Devin Townsend’s self-defining tetralogy of albums is now complete. He’s been pushing boundaries so far and Deconstruction is no exception. We’ve had the dynamic soft touches of Ki and the heavy, yet commercial pomp of Addicted, but here he’s back to show off just how easily he can rip our faces off.
Having said that, whatever you do, don’t try too hard to analyse the concept behind the album. Yes, the skullet may be gone, the mind may be clear but the lunatic on his shoulder is still present and he’s still calling the shots. The lyrics, on the surface, are completely bonkers. I’ve attempted to decipher it for you and it’s basically about the fact that we’ve been taking ourselves too seriously to the point where you can look at a subject (in this case, a cheeseburger) so deeply that you’ll lose track of what it is and why you’re doing it – “like trying to document infinity.” So, naturally, this review will dispense with the bullshit and give it to you straight up. Deconstruction will, most likely, be your album of the year. Go and buy it.
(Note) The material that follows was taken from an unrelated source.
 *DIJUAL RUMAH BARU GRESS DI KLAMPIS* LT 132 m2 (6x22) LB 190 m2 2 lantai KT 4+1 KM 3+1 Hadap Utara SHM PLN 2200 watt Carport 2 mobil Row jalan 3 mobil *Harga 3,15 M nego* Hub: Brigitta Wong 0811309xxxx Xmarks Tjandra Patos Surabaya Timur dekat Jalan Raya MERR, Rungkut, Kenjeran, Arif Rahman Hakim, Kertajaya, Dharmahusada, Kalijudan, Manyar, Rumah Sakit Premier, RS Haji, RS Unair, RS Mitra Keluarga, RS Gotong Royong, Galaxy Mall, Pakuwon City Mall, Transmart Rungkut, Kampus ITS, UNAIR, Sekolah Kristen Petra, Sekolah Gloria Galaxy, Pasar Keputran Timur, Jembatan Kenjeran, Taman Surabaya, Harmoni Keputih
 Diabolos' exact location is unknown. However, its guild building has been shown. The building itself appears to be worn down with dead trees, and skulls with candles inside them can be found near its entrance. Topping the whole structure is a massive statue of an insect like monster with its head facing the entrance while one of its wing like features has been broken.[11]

What… you want more? Okay, okay. Well, I’m not sure I have enough words in my vocabulary to actually describe just how vast this is, but here goes. Devin has hauled in yet more special guests (eleven, count ‘em) for this one but, unlike on so much of Addicted, their presence (vocal, or otherwise) is required to mark the tone of each track and their integration is a thing of beauty. Take Mikael Åkerfeldt’s (Opeth) turn on the stunningly effective “Stand” – following Devin’s soft completion of the dark build, he pops up to breath black death over the chorus. Also check out Tommy Rogers’ (Between The Buried And Me) cohesive touches with Devin on the math-to-prog monster “Planet Of The Apes”. Incidentally, the drums on this track are nothing short of legendary – it’s no wonder the man needed two skin-beaters (Ryan van Poederooyen and Soilwork’s Dirk Verbeuren). I smell burning drumsticks.
There are inspired orchestral movements that explode into great chants that begin in the loins and end as goose-pimples on your arms. There are fiery blasts birthed out of the belly of the beast and then sudden side-swipes of these catchy, insanely poppy, sections featuring the most virginal of vocals. The music constantly keeps you alert and on your toes – it honestly feels like the denizens of heaven and hell are playing catch and you’re the ball.
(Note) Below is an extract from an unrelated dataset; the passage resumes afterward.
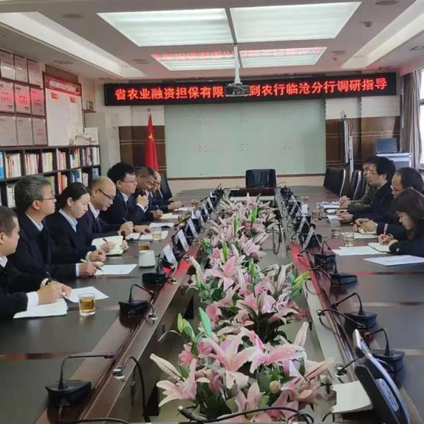 2020年12月15日,董事长郭影、农担一部负责人寸明杰及临沧办事处联合临沧市金融办主任罗廷荣,前往农业银行开展政银担业务座谈。

Dig in far enough and you’ll reach the disgustingly-titled “The Mighty Masturbator”. It’s over sixteen minutes long but every second is worth it. It’s absolutely riddled with twists and turns that take you on a voyage through symphonic, folk, prog, electro, power, black, tech and death metal. There are choirs oohing and aahing, acoustic guitar spots, a large dose of string battery, scat singing and a countdown that explodes into Pi. Devin shifts from a gentile storybook vocal style so reminiscent of Ihsahn (who, incidentally, features on the pumping fists of “Juular”) to clambering all over Bruce Dickinson’s operatic vibrato, before finally getting out the oratory ringmaster within to shout out his edicts. There’s even a spot for the scathing vocal of Dillinger Escape Plan’s Greg Puciato. It’s utterly immense.
There is almost too much to take in as it furtively tips its hat to about a gazillion bands – you name them, this album features an echo of them in either a brief moment or a lingering passage, all effortlessly knitted in amongst the complex folds of this rich, rock opera backdrop. It’s one of the busiest, longest (at 70+ minutes) and, consequently, most challenging albums I’ve ever heard. All the same, no album has ever compelled me to press that repeat button like this one has.
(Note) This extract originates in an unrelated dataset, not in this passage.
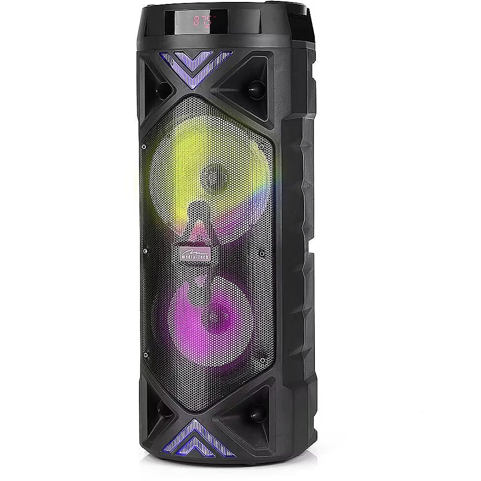 Description - FUNBOX KEG PRO MT3182 portable Bluetooth speaker Excellent sound quality Discover amazing sound quality with the FUNBOX KEG PRO MT3182 portable Bluetooth speaker from Media-Tech. Equipped with 50W RMS power and an impressive 1400W PMPO, this speaker delivers clear and powerful sound. Two 6.3 speakers guarantee deep bass and crystal clear highs. Fun for any occasion With the KARAOKE function, the FUNBOX KEG PRO MT3182 will turn any party into an unforgettable event. The microphone volume control and ECHO effect will let you sound like a real star. The 6.3mm jack microphone jack and remote control give you full control over the party. State-of-the-art Bluetooth technology With Bluetooth 5.0 + EDR, A2DP, AVRCP, you can enjoy a stable connection and excellent sound quality wirelessly. Fast pairing and long range means you can play music from any mobile device without interruption. FM radio and MP3 player Enjoy your favorite radio stations with the built-in FM radio with automatic station search (87.6-108MHz). The MP3 player allows you to play music from micro SD cards and USB storage devices, giving you complete freedom to choose your audio source. Full control over the sound With the volume control and equalizer, you can adjust the sound to your preferences. The LED information display allows you to easily monitor the settings and status of the device, providing intuitive operation. Powerful and portable Equipped with a built-in rechargeable lithium-ion battery, the FUNBOX KEG PRO MT3182 provides up to 8 hours of use on a single charge. Powered by a 5V USB cable, charging is quick and convenient. The compact size (228x572mm) and low weight (3.03kg) make the speaker easy to carry and ideal for any occasion. Versatile connectivity The speaker offers multiple connectivity options, including an AUX jack for direct connection to audio devices. With support for a variety of media, you can enjoy music from multiple sources, making the FUNBOX KEG PRO MT3182 an extremely versatile device. Intuitive control Using the remote control, you can easily manage the speaker's functions without having to go near the device. This solution provides convenience and comfort, making control of your music never been easier. FUNBOX KEG PRO MT3182 is an ideal choice for all music lovers who appreciate high quality sound, functionality and modern design. Make every party special with Media-Tech!

Naturally, the production is absolutely through the roof. The textures are layered on generously with each one allowed enough space for the next, yet everything remains honest, crisp where it needs to be and distorted where it doesn’t. There is so much going on it boggles the mind and every single note is completely there, flying around like a bee in the background or driving into your body like its sting – “Sumeria”, for one, should come with a damn health warning: attempting to listen to every note may cause permanent damage. You can hear everything at once and it all feels 100% relevant (yes, even the shitty farts, burps and “cheeseburger” chants on the title-track – he’s making a very valid point very well, with his tongue firmly placed in his cheek of course – why else would he have asked GWAR’s Oderus Urungus to get involved). I’m completely sold. So settle down, clamp on some high-quality cans and brace yourself for Devin Townsend’s finest hour – Deconstruction is an absolute fucking masterpiece.